The Haralick features, which capture fine-grained textural properties, show a robust ability to use synthetic data for training. The classifier maintains high accuracy even when a significant portion of the training set is composed of synthetic samples, highlighting the value of texture-based features for data augmentation. However, completely replacing real data with synthetic samples leads to a sharp performance drop, indicating that the synthetic data, while useful for augmentation, lacks some critical textural cues present in real images. The varying performance across different GAN models (e.g., CycleGAN outperforming Drit GAN) suggests that the type of GAN used to generate synthetic data is a crucial factor in the effectiveness of the training.
Conversely, the Fourier features, which capture frequency and periodic patterns, prove less suitable for this task. The classifier's performance degrades when trained exclusively on synthetic data, as it seems to learn and respond to the "GAN fingerprint" (a form of periodic noise) rather than the visual likeness of the synthetic and real samples. This is evidenced by the better performance of the low-frequency features, which are less likely to contain these high-frequency GAN artifacts. This stark contrast underscores a critical finding: not all synthetic data is created equal, and its usefulness for training is heavily dependent on the chosen feature representation and the specific characteristics of the noise it contains.
In summary, Haralick features showed to be a more effective choice for leveraging synthetic data to augment training sets.
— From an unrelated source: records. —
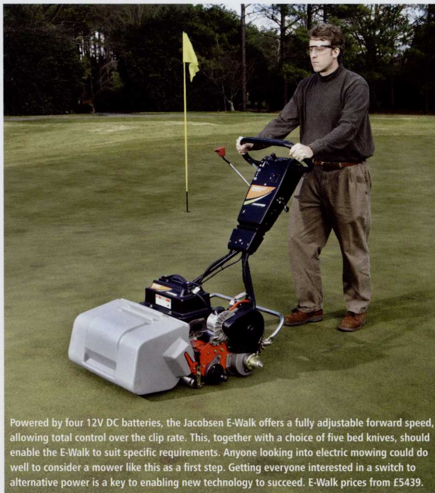
Powered by four 12V DC batteries, the Jacobsen E-Walk offers a fully adjustable forward speed, allowing total control over the clip rate. This, together with a choice of five bed knives, should enable the E-Walk to suit specific requirements. Anyone looking into electric mowing could do well to consider a mower like this as a first step. Getting everyone interested in a switch to alternative power is a key to enabling new technology to succeed. E-Walk prices from £5439.

LPG has its place, but it is currently unlikely to usurp either diesel or petrol as a primary fuel for internal combustion engines. Hybrid and electric power look like safer long term bets.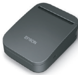
Thermal Label Printers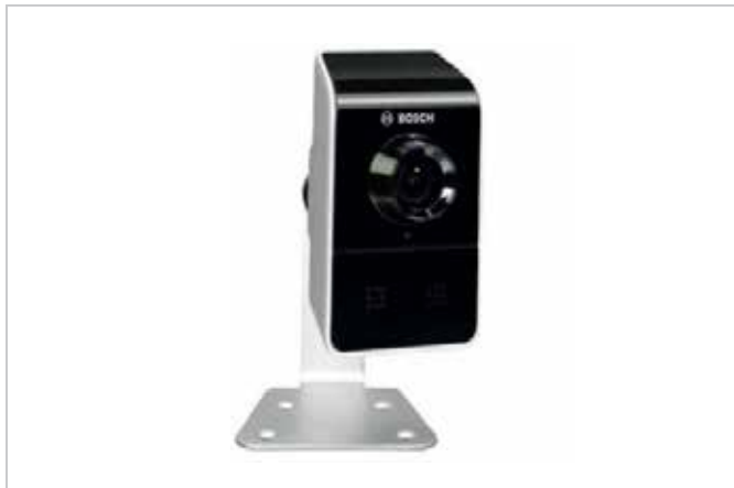
product name: IP micro 2000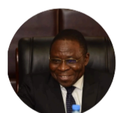
H.E. Honourable Gaston Eloundou Essomba

Minister of Energy &amp; Water, Cameroon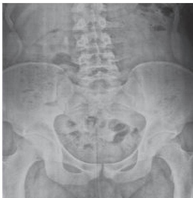
Fig.-1: Pre-operative film shows about 10 mm stone at proximal ureter

They capture textural information that is more consistent across real and synthetic domains, making the classifier more robust. Fourier features, while useful, appear to be overly sensitive to the embedded artifacts of the GAN model itself, limiting their utility for this specific application.
Clone the repository:
Bash
git clone https://github.com/njPlanck/Presentation-Attack-Detection-System.git
Bash
python scripts/extract_features_fft.py
python scripts/extract_features_glcm.py This will generate CSV files in the output_csvs/ directory.
Note: The classifier.py script expects a single CSV file as input. You may need to modify the script to load either fft_features_all.csv or glcm_features_all.csv or a combined feature set.
Bash
python scripts/classifier.py The script will output the performance metrics for each cross-validation step to the console.